I’d still be scrubbing floors and bookcases in the library, though, because nothing a goddess did caused my mother’s accident.

No. I don’t want to think about what-ifs that lead me back to that version of my life.

As much as I hate to admit it, freezing and terrified on a journey to save a goddess might actually be preferable to the life I was living before all this started.

I make the conscious choice not to examine that reality too closely.

Slowly, too slowly, I gather the materials to make a fire, then realize I don’t have any steel. When the draugr knocked me down, the dagger Chitai gave me flew out of my hand.

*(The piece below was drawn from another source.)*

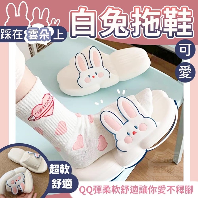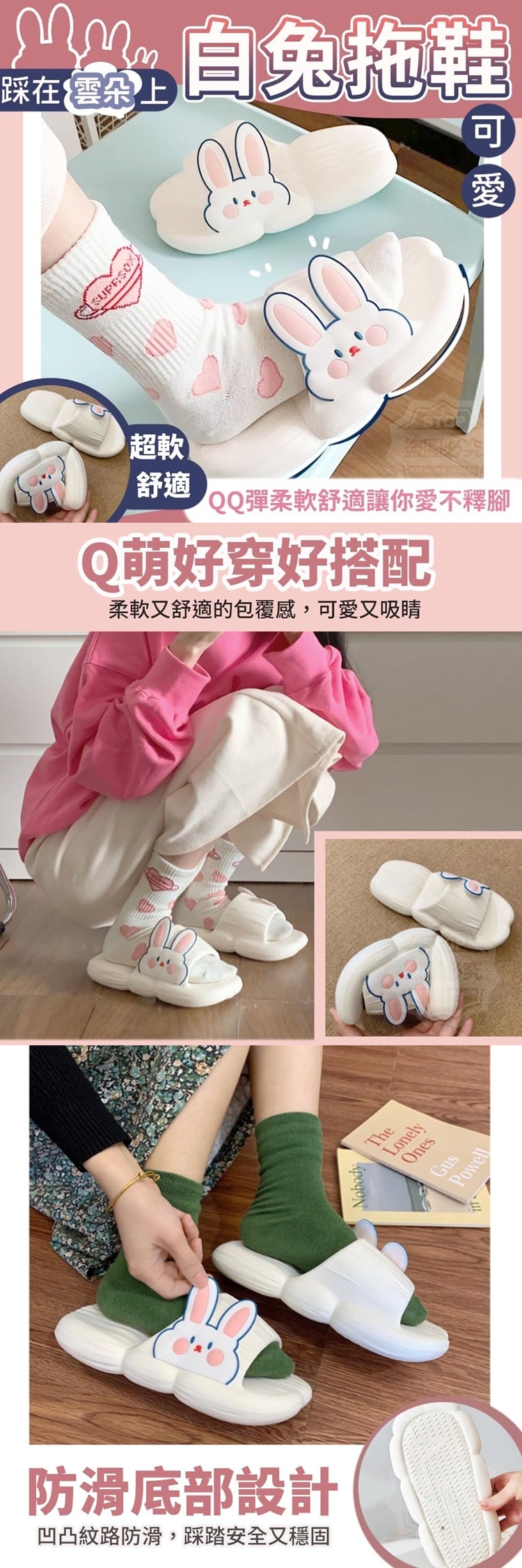 尺寸可挑 36/37 38/39 40/41 三碼 【商品材質】- PVC 【商品說明】- 踩在雲朵上可愛白兔拖鞋 超軟!! 舒適~~ 超可愛小兔子 好看好穿! 方便好用又可愛 就像是踩在雲朵上~~ 軟軟的感覺 真的太舒服了拉! PVC一體成型 厚底增高3CM QQ彈柔軟舒適讓你愛不釋腳~ 凹凸曲線~防滑底部~ 抓地力強,不打滑! 讓生活更美好吧~~ 影片僅供參考使用方式 所有配件以實際收到為主

But then I shove my hands into the deep pockets of my pants and smile, because I’m not completely out of luck.

First, the tube carrying my freedom from indenture is still in there.

I hurriedly untie it and laugh out loud when I see the oilcloth protected the precious parchment, my pages, my snow leopard, and—less important, maybe—my small pouch of words.

I manage a wry grin when I think of the Fortitude I braided in my hair, now lost to the river.

A streak of reckless determination shoots through me, and I reach in the pouch for a handful of paper scraps, searching through them until I find Defiance.

I quickly re-braid my hair with the word, then carefully replace everything, secure it, and put the tube on a flat rock near me in the sun to dry the outside.

Briefly, I consider adding the key to the tube, but I’m uneasy about the idea of letting it get even that far from me, so I keep it in the smaller pocket at my waist for now.

For a second bit of luck, I find the stone Neville gave me in my other pocket.

I take a long time, fumbling with icy fingers and Kaelen’s sword, to start the fire.

I think back to poor Sergeant Neville trying to talk to me about what to do if I got separated from the group, and how I cut him off.

How sure I was when I told him I wouldn’t survive.

The Soli who said those things feels like someone I only vaguely knew, long in my past. The Soli I am today is going to do everything in her power to save my injured companions and myself.

“I will definitely survive,” I tell the armload of branches I’m carrying back to the fire.

“We will survive,” I tell Kaelen and Bern while I try to make them as comfortable as I can next to the fire. “We have the first key. We can’t quit now, when we’re halfway there.”